I can't do much about any of the profound events that have saddened me. I think, much as this analogy pains me, that sometimes I'm the ant. My little world is suddenly much different than it was, and I find myself scurrying around. Confused. Scared. Powerless.
The interesting consequence from all this vulnerability is that I want to change a bunch of stuff myself. Gain some control. I rearranged my bedroom – moved some furniture to the attic, opened up a lot of space in there. I wake up every morning and realize that change can be lovely – I like not having to worry about stubbing my toe as I make my way out of the room. So I decided to move my desk around at work. Put away my journals to open up some space. Changed some of the pictures on my bulletin board. Am going to put up some postcards tomorrow. I like it – it somehow stimulates productivity for me to look at new items, or old items in new places. I changed my theme for Firefox. Bought a new kind of yogurt.
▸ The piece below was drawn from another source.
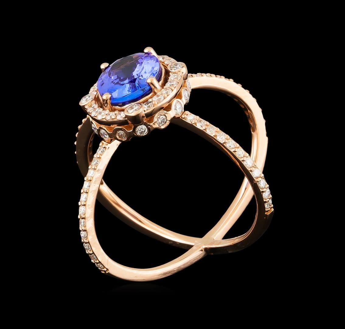One electronically tested 14KT rose gold lady's combination cast & assembled fashion ring with a crossover halo with a bright polish finish. The featured lady's ring has a shank measuring 2.70 millimeters wide. Identified with markings of "K14". Condition is new, good workmanship. Containing: One prong set oval modified brilliant cut natural tanzanite, measuring 9.52 x 7.47 x 4.36mm, 5%. bulge factor, approximate weight of 2.28ct., clarity is eye clean, type I, medium, moderately strong, violetish blue color, (GIA vB 5/4), cut is very good. Transmitting light with no distortion, transparent. Colored gemstones are presumed to have been subjected to commonly used enhancement processes. Graded in the setting. Twenty bezel set round brilliant cut diamonds, measuring 1.50 - 1.40 x 0.90mm (depth est.) approximate total weight of 20 Stones = 0.24ct. Graded in the setting. Clarity: SI-1 to SI-2. Color: G - Good Twenty prong set round brilliant cut diamonds, measuring 1.40 - 1.35 x 0.86mm (depth est.) approximate total weight of 20 Stones = 0.20ct. Graded in the setting. Clarity: SI-1 to I-1. Color: H - I. Cut Good Forty-Four prong set round brilliant cut diamonds, measuring 1.20 - 1.10 x 0.71mm (depth est.) approximate total weight of 44 Stones = 0.26ct. Graded in the setting. Clarity: SI-1 to I-1. Color: H - I. Cut Good. Total Weight of Colored Stones 2.28ct. Total Weight of Diamonds 0.70ct. Total Weight of Ring 5.10gm. GAS Appraised.

This is basically an effort to avoid doing anything stupid. I’m a little desperate to alter something that will make me better. More happy than sad. My baseline mood lately is low – I find myself avoiding calls, and not really enjoying the ones I take. The bigger concern is that I’m behind on answering email, which really doesn’t happen to me often at all. I feel a step removed from life in general, which is actually good – the hurt is a little less that way, but my level of sadness remains mostly unchanged. The blog is crap lately and I really don’t care. You can stop reading it – that’s fine. Someone came over for dinner. OK. My plans for the weekend fell through. Not a problem – gives me more time to finish weeding my flower bed. I just can’t work up much energy to care.
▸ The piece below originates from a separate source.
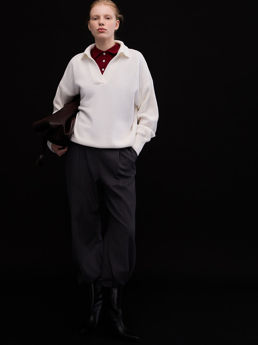 Джемпер-поло свободного кроя с отложным воротником — одна из ключевых моделей Aim Clo, к которой наши клиенты возвращаются из сезона в сезон. Спущенная линия плеча и V-образный вырез формируют мягкий, открытый силуэт и сохраняют ощущение свободы в движении.

The problem is that it’s another habit that has consequences. I don’t want to adjust into feeling this way – it’s not who I am or what I want for myself. But I’m disengaging because I don’t know what else to do. Look for another job? No – too soon. And it’s going reasonably well at work. End friendships? No – that’s a bit silly. Just because nobody can make me laugh like I normally did or care as much as I once would have doesn’t mean I love them any less. Date someone? Not now – 2 weeks ago I would have wanted him to rescue me from my sadness, my fear of being unimportant. But now I don’t think I could let anyone in. That would require caring and I don’t care right now. Move? No – I bought a house. A change of scenery might do me some good, but I adore my little home. So I’ll move furniture instead, fix landscaping, clean the garage. That does actually help – I smile when I see the little improvements I’ve made lately.
I think – because I’m not really sure of my point – that I’m reminding myself that my actions have consequences that aren’t necessarily predictable. I’m now stuck taking walks each morning regardless of how I feel or how late I’m running. I feel too guilty about disappointing Chienne to skip our outings very often at all. Even in the insane heat lately. And if I stay withdrawn for too long, it’s a little like the flower bed. Difficult and time consuming to fix.
For now though, I’m not quite able to see out of my protective little shell. There are moments where I can pull it off, but then I tuck back inside and settle in. For just a little while longer… All the while hoping that if I have to be the ant, people will leave my protective weeds alone while I recover a little bit.
1 comment:
*hugs* I've found myself stuck with habits that arose from feeling miserable and not caring and it does suck to try to change them, when I still feel fairly down and apathetic. I think if you just keep moving, as you are, fixing/changing small things as you feel like it, you'll figure out what you really want to be doing, without losing too much momentum.
And the blog is so not crap. I love your writing and I can empathise with a lot of what you're feeling.